Sharky&Sharky have no idea what's become of this country, but when you were little your parents always reminded you "Don't talk to strangers!"

And while we are on the subject of parental guidance - as practiced when parents actually took an active role in their children's development.


©Sharky&Sharky

Plump Ripe Tomatoes

Hang up your "Hang-ups" and get planting those plants.

For those who may not know, according to the American Association for Nude Recreation, tomorrow May 14, is World Naked Gardening Day. You can tend to all your dirty gardening chores without feeling dirty - au naturel - as the God of your choice intended.


It is suggested, especially if you live in a strict stuck-up neighborhood, to make creative use of your flora to cover the nasty bits.

Sharky&Sharky never considered themselves to be "green thumbed" but we definitely will be taking a whorticultural class before May 14 of next year.

See you in the furrows!

©Sharky&Sharky

Monday, May 9, 2011

Words For The Wise

The time tested and loved board game, Scrabble, has just published an updated "official list of words" that are accepted during play. The last year the list was updated was 2007 - so it was with baited breath that Sharky&Sharky awaited it's release.

Scrabble, once played primarily by the well educated player with at least a better than average command of the English language, is apparently deteriorating in lock step with the English language as a whole.

Words - once as powerful as bullets shot from a gun and once spoken, like bullets, could never be recaptured. Welcome to the new American lexicon where many of todays words resemble misfires or just plain blanks.

So, with out further adieu, on with some new words.

Thang - apparently required a long time to get this word "approved" - but hey, "It's their thang."

Grrl - so far no "acceptable" bastardization for boy has been been created but we sure would like to know what that Grrl is doing with his Thang?

Innit - a sort of contraction that could be used in the following way. "Hey Grrl, that boy's Thang sure is sweet - Innit?

And for those Navy Seal haters there's this.

Fiqh - simply the expansion of Islamic sharia law.

As the boulder  that is the "Dumbing down of America" continues to roll down hill, gathering no moss but picking up speed; when it finally hits whatever will stop it - there will be nothing but little bits and pieces remaining.


p.s. - Maybe it's time to change the name of the game to Scrabull?

©Sharky&Sharky

Monday, May 2, 2011

Mr. Barry Gets Something Totally RIGHT

As the leader of the free world, Barry got it right. Through connecting the dots the CIA found the home/lair of Osama Bin Laden and Barry blew his sorry ass up. (Parted his butt crack, put a cap in him, sent him to see the virgins).

The piece of shit Bin Laden was living a 40 Miles outside of Islamabad.

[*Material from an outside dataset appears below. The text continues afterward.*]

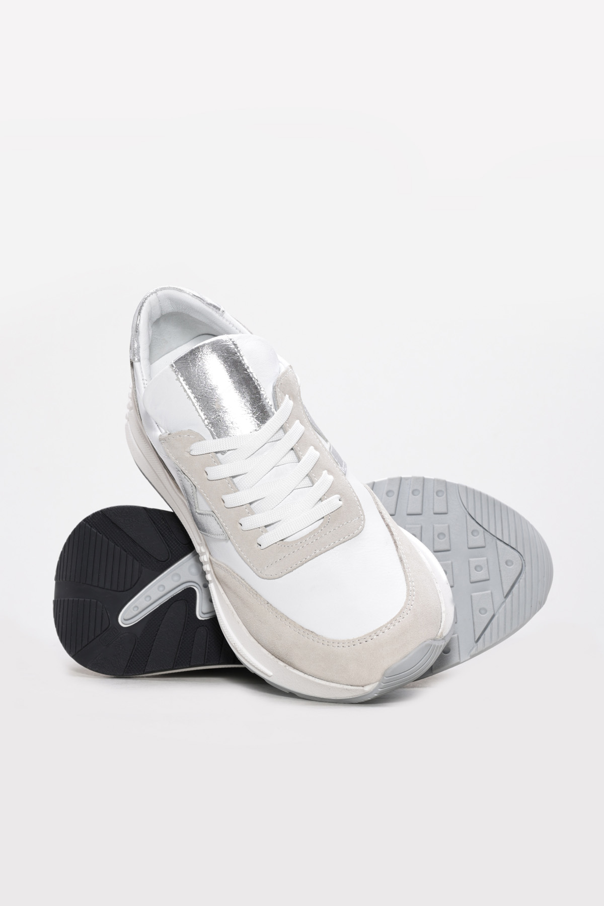 • MirgeShoes Beyaz-Gümüş Bağcıklı Kadın Spor Ayakkabı İçi Dışı Hakiki Deri MRG01299261370
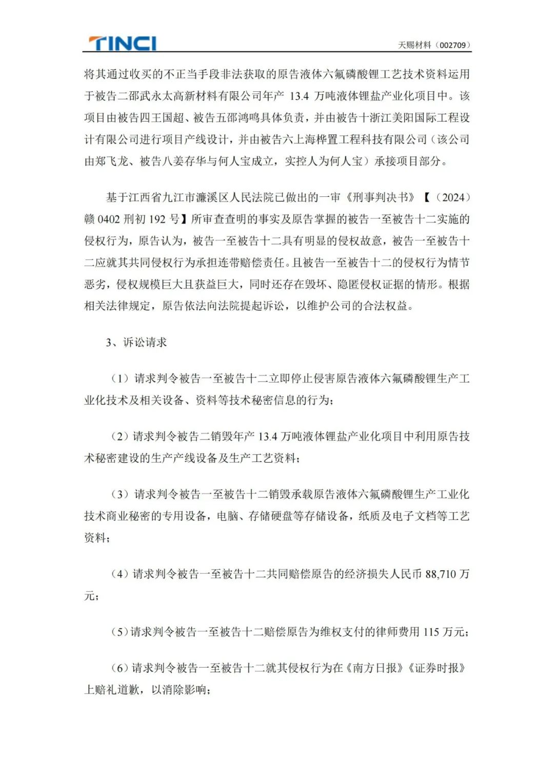 原告请求判令被告一至被告十二立即停止侵害原告液体六氟磷酸锂生产工业化技术及相关设备、资料等技术秘密信息的行为;请求判令被告二销毁年产13.4万吨液体锂盐产业化项目中利用原告技术秘密建设的生产产线设备及生产工艺资料;请求判令被告一至被告十二销毁承载原告液体六氟磷酸锂生产工业化技术商业秘密的专用设备,电脑、存储硬盘等存储设备,纸质及电子文档等工艺资料;请求判令被告一至被告十二共同赔偿原告的经济损失人民币88,710万元;请求判令被告一至被告十二赔偿原告为维权支付的律师费用115万元;请求判令被告一至被告十二就其侵权行为在《南方日报》《证券时报》上赔礼道歉,以消除影响;判令由被告一至被告十二负担本案诉讼费用。

Who would have thought it? Less than an hour's drive from the capital of our Muslim ally Pakistan. Can you imagine only a mere 1 hour commute from the ISI (Pakistan' Inter-Services Intelligence) headquarters?


Sharky&Sharky in the past has complained about Barry's stupidity and in the future the Sharks will complain and rally against him to be sure. But Not to Today when you are right you are right. Today Mr. Barry you are right. 

A sweet follow up would be for you to bring all the troops home, this coming weekend for Mother's Day.  Much to SharkyandSharky's chagrin this would guarantee your re-election.